Uganda had become independent from Britain in 1962, while remaining in the Commonwealth of nations – with Queen Elizabeth the head of state. Amin rose to deputy commander in the army.

Uganda remained a nation divided ethnically and difficult to govern. Uganda's border was an artificial creation from the late 19th century. The north, where Amin came from, differed ethnically from the south. Men from the north dominated the military, police and paramilitary. The north was more agricultural; the south more where economic power lay. And from the south came Uganda's intellectual elite, academics, judicial and administrative elite, religious intellectuals and leaders, and its political leader: Obote.

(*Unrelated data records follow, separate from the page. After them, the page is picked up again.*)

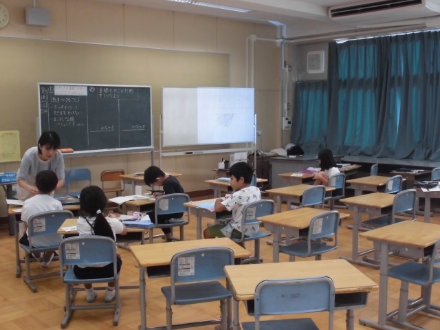 13日(金)1時間目、2年生は算数の時間でした。「三角形と四角形」の学習が始まりました。今回は、形を調べて仲間分けをしました。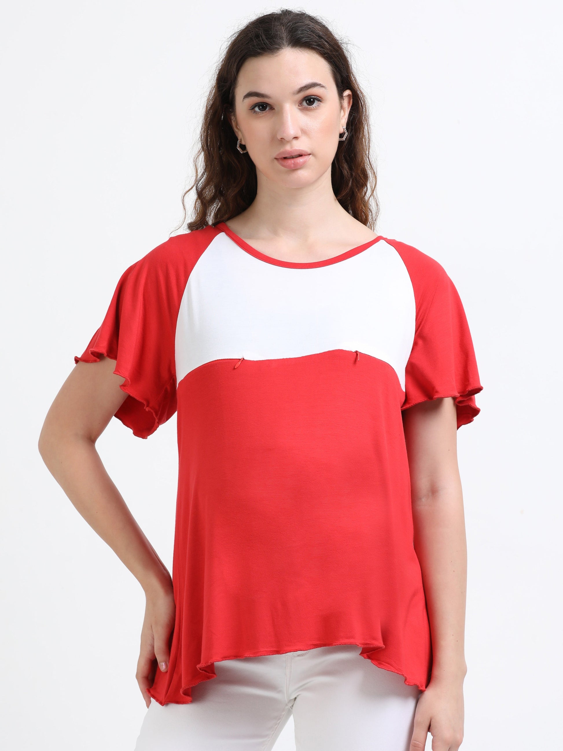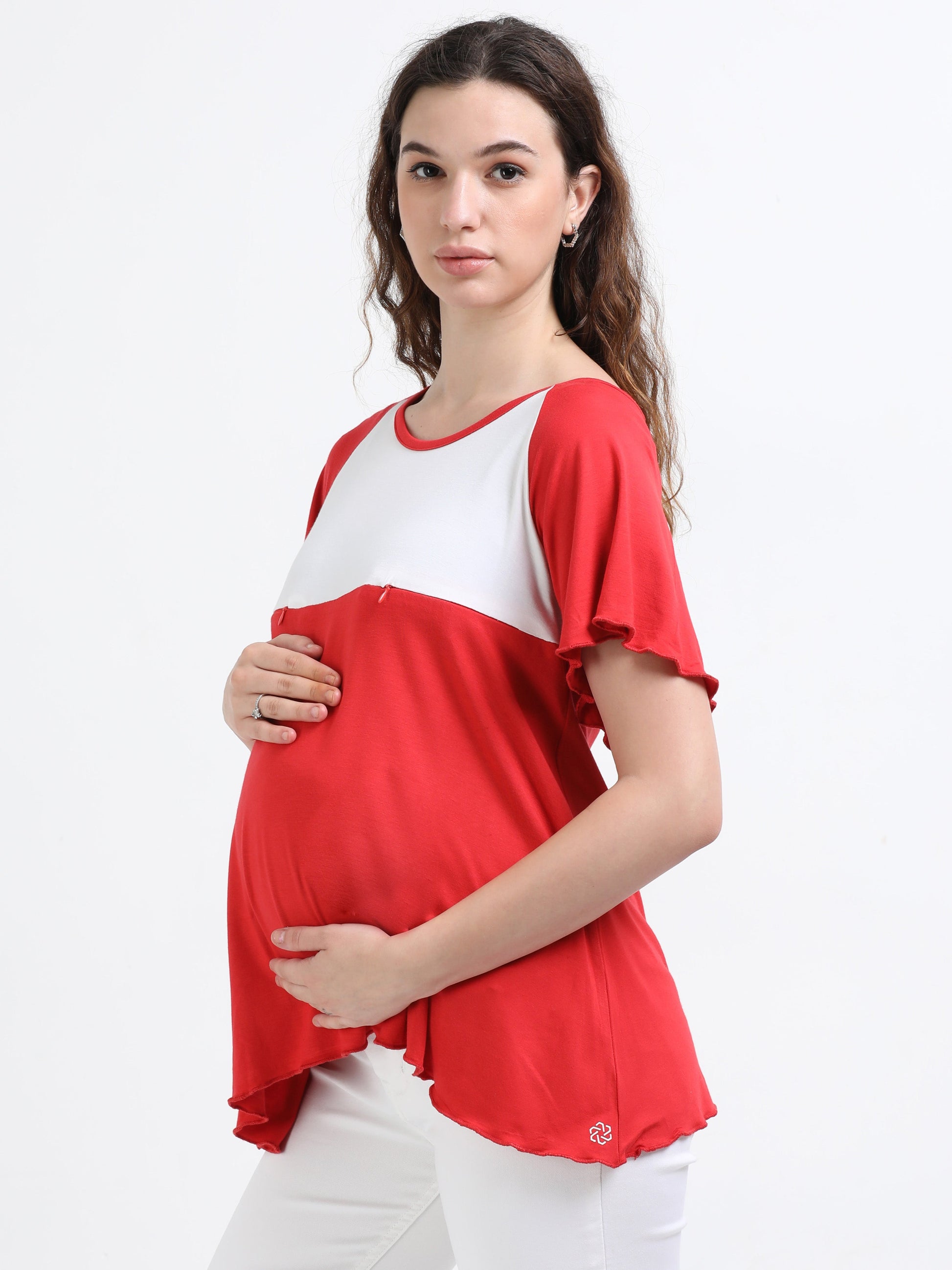 Women's Flared Maternity & Nursing Tops With Bamboo Fabric - Salsa Red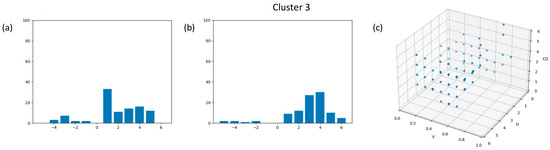 Cluster 3: (74 histograms) (a) or (b) The histograms representing this cluster have two parts; one part is in bins from −4 to −1 and one which is more representative and has values in bins ranging from 1 to 5. (c) There are two groups in which obstinacy is the most relevant parameter in the parameter space. Points in the first group are located from 2 to 4 values, and the second group is at a value of 0. The parameter of visibility’s values ranges from 0 to 0.6, and the cooperation demand parameter is distributed from 0 to 4.
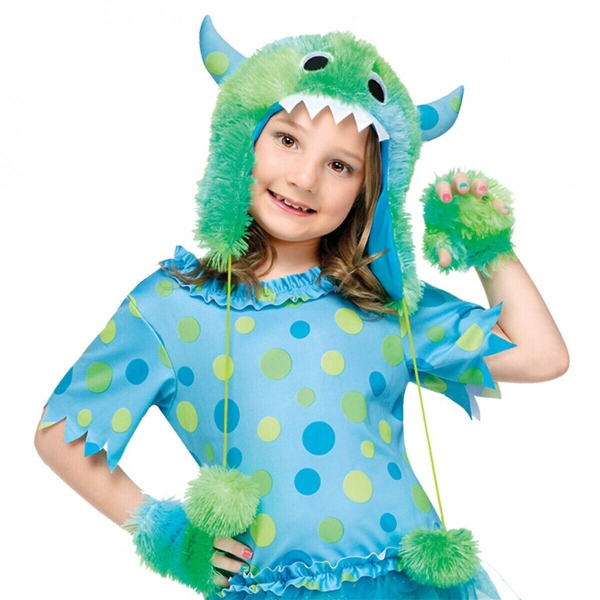 как выглядит 6pc Monster Miss Horned Polka Dot Hoodie Halloween Costume Cosplay Child M 8-10 фото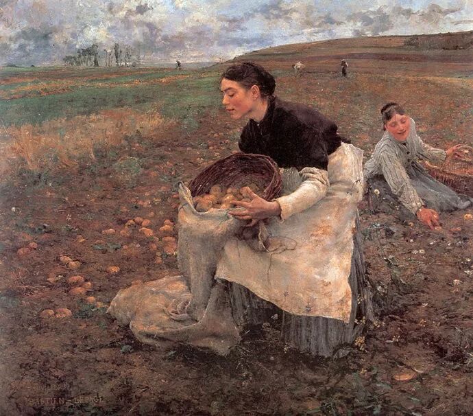 《收获土豆》是勒帕热的另一幅代表作品,画中描绘了一位农家妇女正在田野里躬身收获土豆的情景。通过对乡村生活的客观还原和朴素描绘,在求其“真实”的同时,勒帕热也将其个人情感在朴素的描绘中自然地流露出来。在这幅画中,勒帕热把对农民和农村生活的情感隐藏在描绘农村最普通的乡村劳动——“收土豆”这一情境中,普通的日常生活加之朴素的描绘,情境蕴藏情感于不动声色之中,在画面白描般手法的道白中,引起观者一缕乡愁、一丝回味以及深深的思考。由于长期生活在农村,勒帕热对农民和乡村生活有独到而深刻的体验,所以他能以极其敏锐和细微目光把握住乡村农民特有的动势和表情,从而深刻地揭示人物的个性和内心活动。从这张画中我们可以看到,现实主义和自然主义对“真实”的理解和表现不尽相同。现实主义是以反映现实为目的,而自然主义则是努力挖掘现实中所蕴含的“真”,这个“真”就是自然主义所追求的本质,是自然主义的生命。勒帕热的乡土绘画以一种凝固的自然化的生活情境,表达了一种朴素的、沉静的力量,使观众在一下子就融入到画面的情境中,似不动声色,却又被画面自然融汇,引起观众潜在的、普遍的人性情感的共鸣,这也正是勒帕热绘画的魅力所在。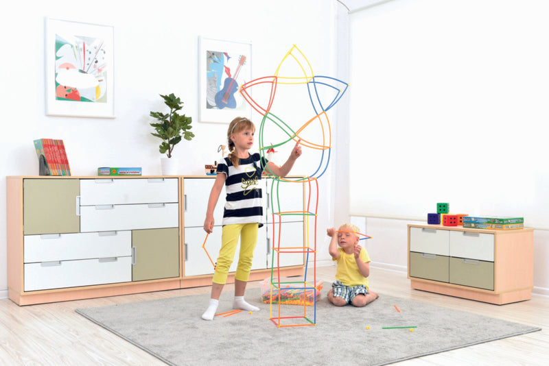 Een set plastic rietjes en connectors die het mogelijk maken de rietjes eenvoudig met meerdere rietjes te combineren. Er kunnen verschillende vormen gemaakt worden - van platte figuren tot grote, zeer gecompliceerde constructies. De set wordt in een plastic doos met handvat geleverd.
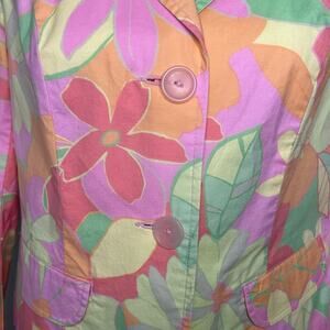 Sigrid Olsen pastel multicolor floral 3/4 sleeve cotton spring blazer size 8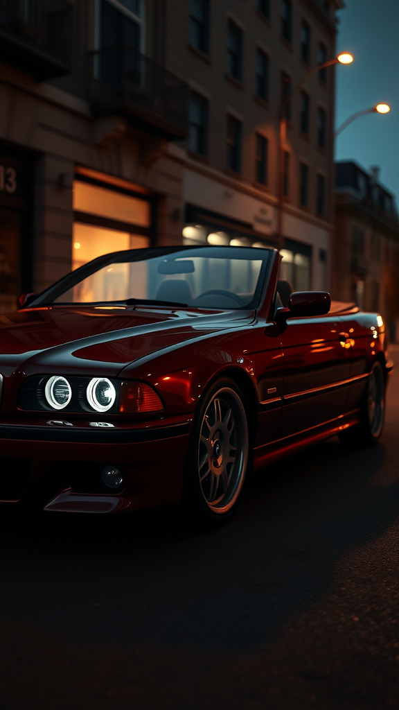 Sleek dark crimson BMW E39 M5 convertible gliding through the dim evening, its piercing angel eyes casting a dramatic glow, captured in cinematic hyper realism with meticulous detail, 8k resolution, surrounded by the subtle mystery of a shadowy urban backdrop.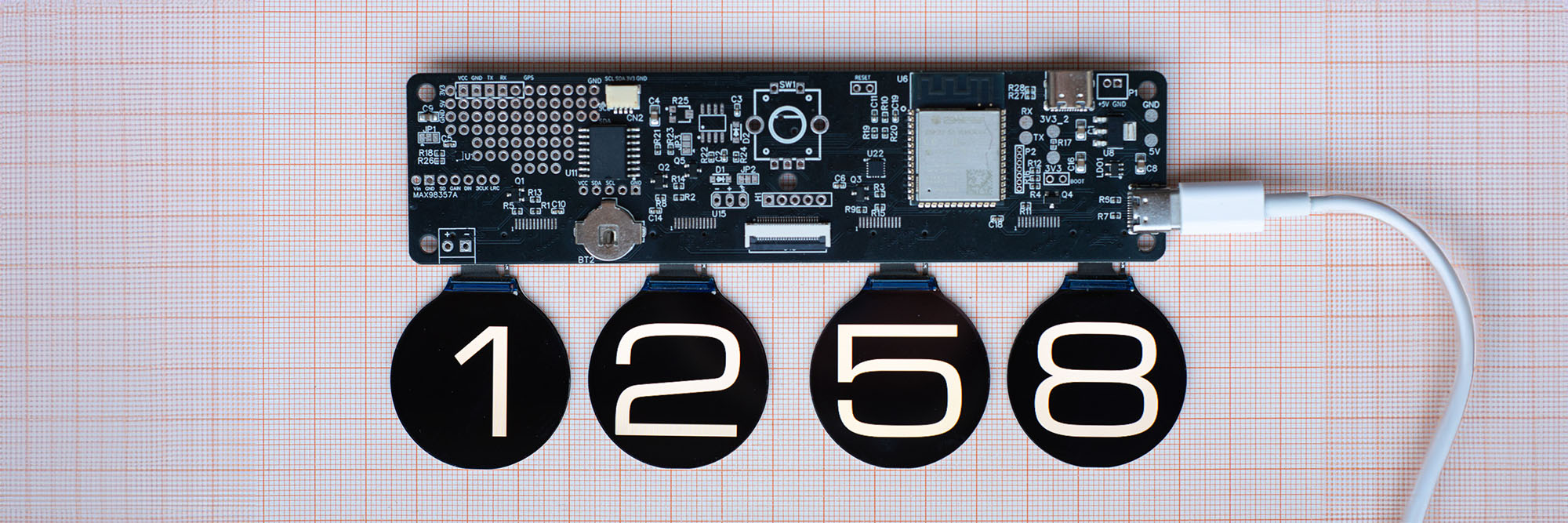 - Supports mounting of four 1.69" rectangular TFT displays (240x280) or four 1.28" round displays (240x240).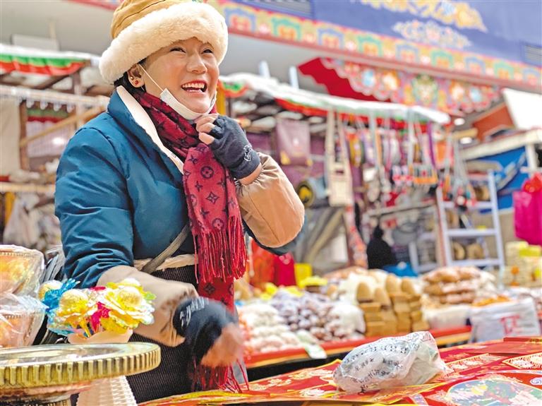 走出八廓商城,熙熙攘攘的人群中,大家眉眼帶笑,手上都拎著各式年貨,喜慶歡欣的氛圍充溢在大街小巷。藏歷新年的腳步越來越近了,古城年味日益濃。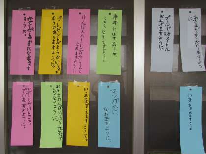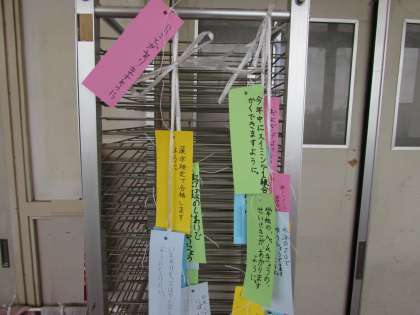 今日は七夕、いろいろな学年で、子どもたちが短冊に願いを書いています。願いがかなうといいですね。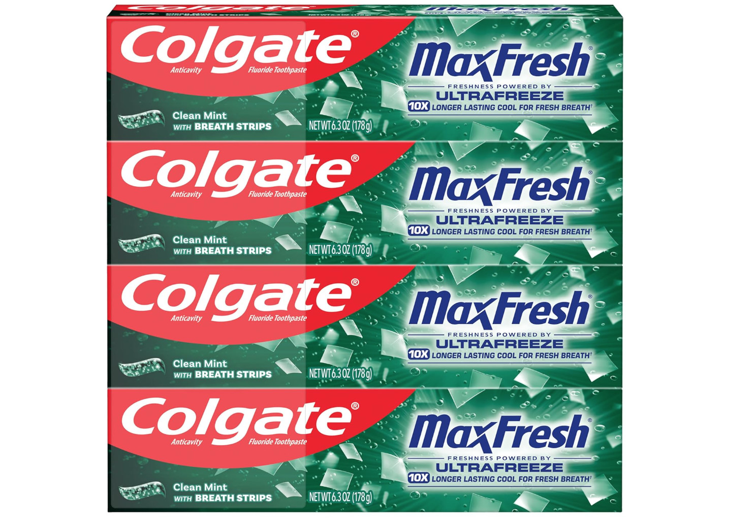 原价$13.99!!四支6.3盎司的高露洁清新美白牙膏,清洁薄荷,口气清新牙膏包提供持续数小时的清新,高露洁Max Fresh牙膏比领先的含氟牙膏提供10倍的持久凉爽,数以百计的迷你呼吸条,释放出强大的新鲜感,持久清新的口气~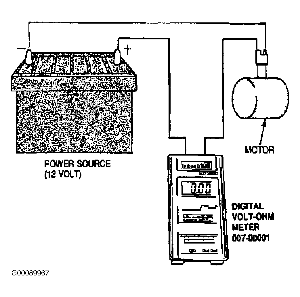 - Operate the motor and observe the current draw. The current draw for the no-load test should not exceed specification and should not fluctuate. Reversal of the motor wire connections will reverse the direction of motor rotation. Replace the motor if the current draw exceeds 5 amps at 12.8 volts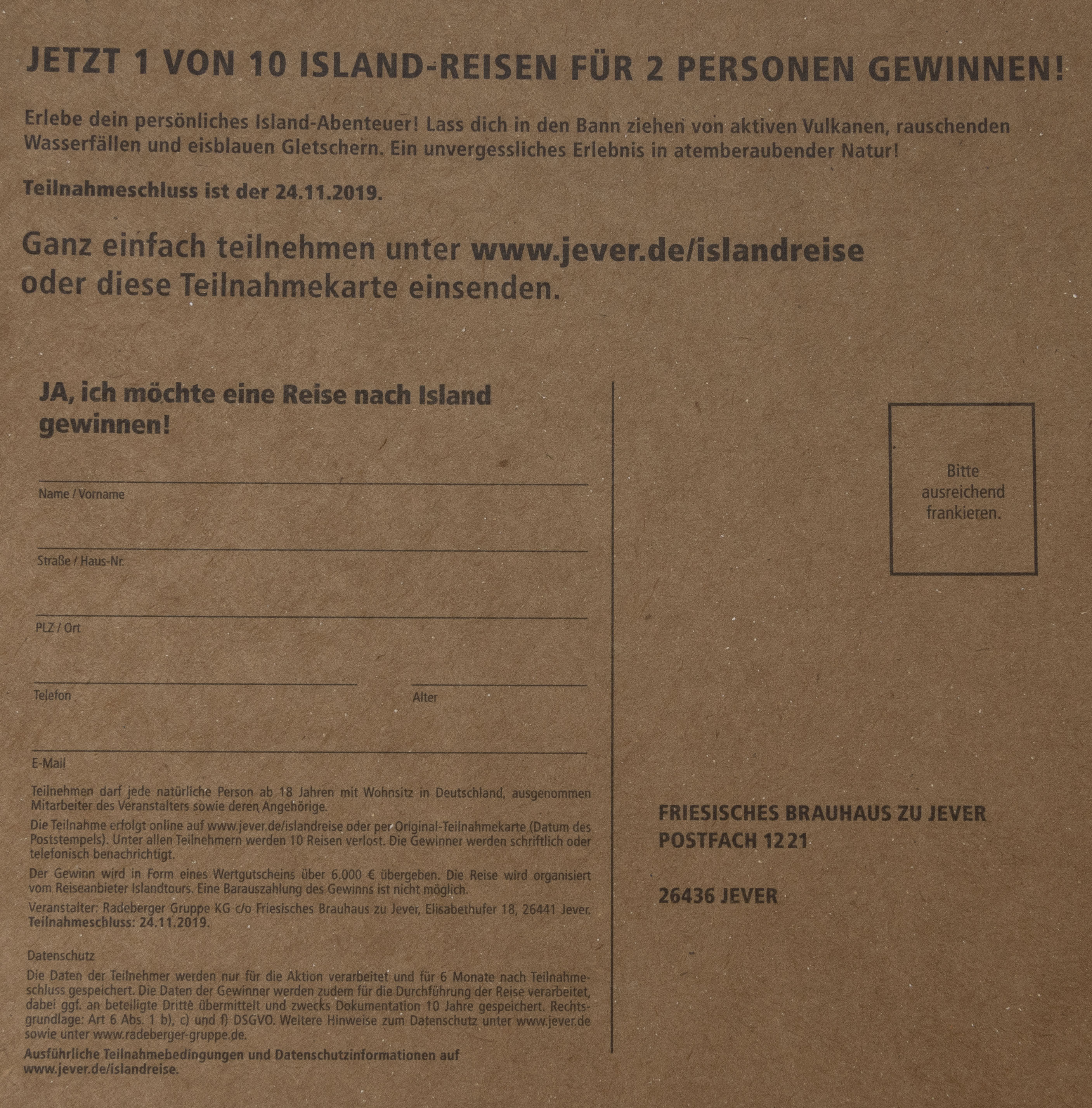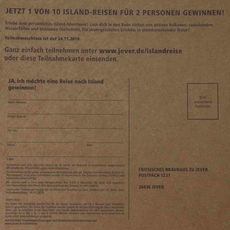 JETZT 1 VON 10 ISLAND-REISEN FÜR 2 PERSONEN GEWINNEN! / Erlebe dein persönliches Island-Abenteuer! Lass dich in den Bann ziehen von aktiven Vulkanen, rauschenden Wasserfällen und eisblauen Gletschern. Ein unvergessliches Erlebnis in atemberaubender Natur! / Teilnahmeschluss ist der 24.11.2019. / Ganz einfach teilnehmen unter www.jever.de/islandreise oder diese Teilnahmekarte einsenden. / JA, ich möchte eine Reise nach Island gewinnen! / Name/Vorname / Straße/Haus-Nr. / PLZ/Ort / Telefon / Alter / E-Mail / Teilnehmen darf jede natürliche Person ab 18 Jahren mit Wohnsitz in Deutschland, ausgenommen Mitarbeiter des Veranstalters sowie deren Angehörige. / Die Teilnahme erfolgt online auf www.jever.de/islandreise oder per Original-Teilnahmekarte (Datum des Poststempels). Unter allen Teilnehmern werden 10 Reisen verlost. Die Gewinner werden schriftlich oder telefonisch benachrichtigt. / Der Gewinn wird in Form eines Wertgutscheins über 6.000€ übergeben. Die Reise wird organisiert vom Reiseanbieter islandtours. Eine Barauszahlung des Gewinns ist nicht möglich. / Veranstalter Radeberger Gruppe KG c/o Friesisches Brauhaus zu Jever, Elisabethufer 18, 26441 Jever. / Teilnahmeschluss: 24.11.2019 / Datenschutz / Die Daten der Teilnehmer werden nur für die Aktion verarbeitet und für 6 Monate nach Teilnahmeschluss gespeichert. Die Daten der Gewinner werden zudem für die Durchführung der Reise verarbeitet, dabei ggf. an beteiligte Dritte übermittelt und zwecks Dokumentation 10 Jahre gespeichert. Rechtsgrundlage: Art. 6 Abs. 1 b) und f) DSGVO. Weitere Hinweise zum Datenschutz unter www.jever.de sowie unter www.radeberger-gruppe.de. / Ausführliche Teilnahmebedingungen und Datenschutzinformationen auf www.jever.de/islandreise. / Bitte ausreichend frankieren. / FRIESISCHES BRAUHAUS ZU JEVER / POSTFACH 1221 / 26436 JEVER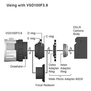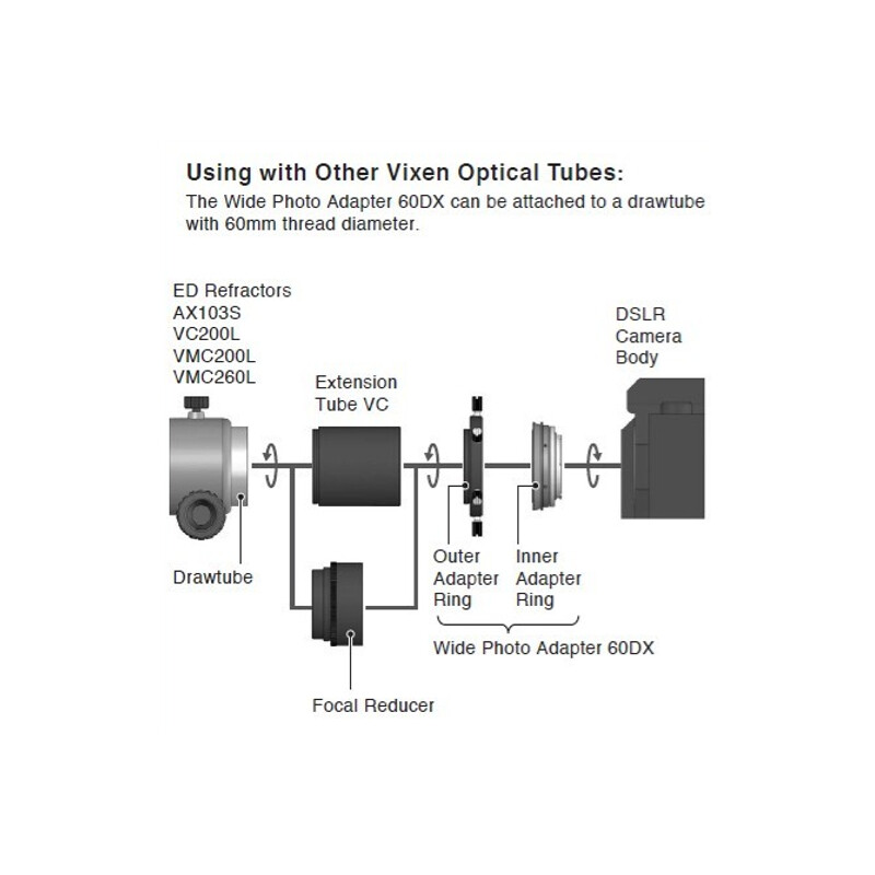 El adaptador fotográfico ancho 60DX conecta su cámara DSLR a un telescopio con rosca M60. Gracias a un diseño mejorado y el uso de nuevos materiales, Vixen ha podido mejorar significativamente la precisión y la capacidad de carga con respecto a los adaptadores convencionales. El gran diámetro interior del adaptador evita el sombreado en los bordes con las cámaras DSLR de fotograma completo.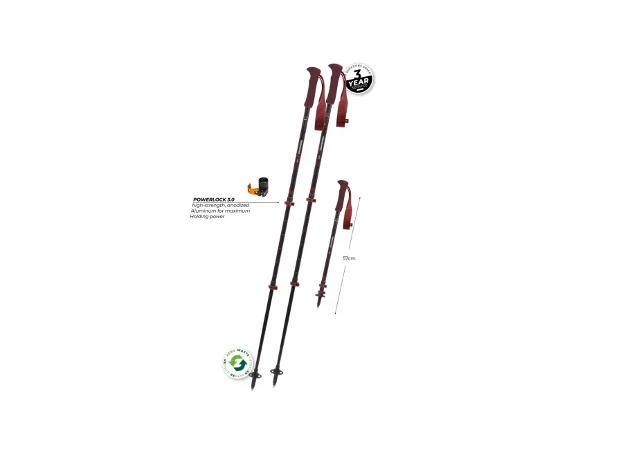 Třídílná konstrukce s karbonovými částmi (O 18 a 16 mm) a Titanal HF spodní částí (O 14 mm) nabízí vynikající rovnováhu mezi lehkostí a odolností, přičemž hmotnost 193 g činí hůlky extrémně pohodlnými na dlouhé výlety. Powerlock 3.0 systém zaručuje rychlé, snadné a bezpečné nastavení délky.

In 1966, Uganda said goodbye to Queen Elizabeth and became a republic. Ethnic divisions and heavy-handed governing by now President Obote led to unrest and ethnic violence that lasted until 1971. Idi Amin drove Obote into exile and took power. Across Uganda he was hailed as a hero and a savior. Rather than choose to support a return to civilian rule, he decided to continue to play the role of national hero and stay in power. He was to rule approximately eight years.

Idi Amin

Idi Amin

Uganda had about 75,000 Asians, descendants of, or migrants from, India, Pakistan and Bangladesh. Many of them had risen in commerce and had preferred to keep their British passports. Amin drove them out of the country – an ethnic cleansing of a sort. The Asians had contributed to Uganda's welfare – to the creation of hospitals and schools -- but the old distrust and dislike by peasants for merchants existed, and ethnic cleansing was a popular move in Uganda. The wealth that the Asians left was confiscated by the government and distributed among Ugandans.

The British, were aghast, and Amin turned against the British and against another nation that had been friendly, Israel, which had been in Uganda helping in humanitarian projects and in military training. Amin was a Muslim, and he turned for support to other Muslims, including the anti-imperialist Muammur Kaddafi of Libya. The 10,000 or so European professionals in Uganda, and the Israelis, left the country.

Like some of ancient Rome's soldier-emperors and other emperors, and like Caligula, Amin developed an intolerance of any opposition or source of humiliation. The police were given additional powers. Respected people who began to oppose him were murdered. Among the murdered was the Anglican Archbishop Luwum.

Amin banned twenty-six Christian organizations that had been working in Uganda. In trying to combat his enemies, Amin was making more enemies. Overconfident, he launched an attack into an area in northwestern Tanzania that he claimed had once been a part of Uganda. Obote, in exile in Tanzania, joined forces with others, and they pushed into Uganda. Amin was no longer popular enough to put a force together that could hold off his enemies, and they drove him into exile, Amin ending up in Saudi Arabia.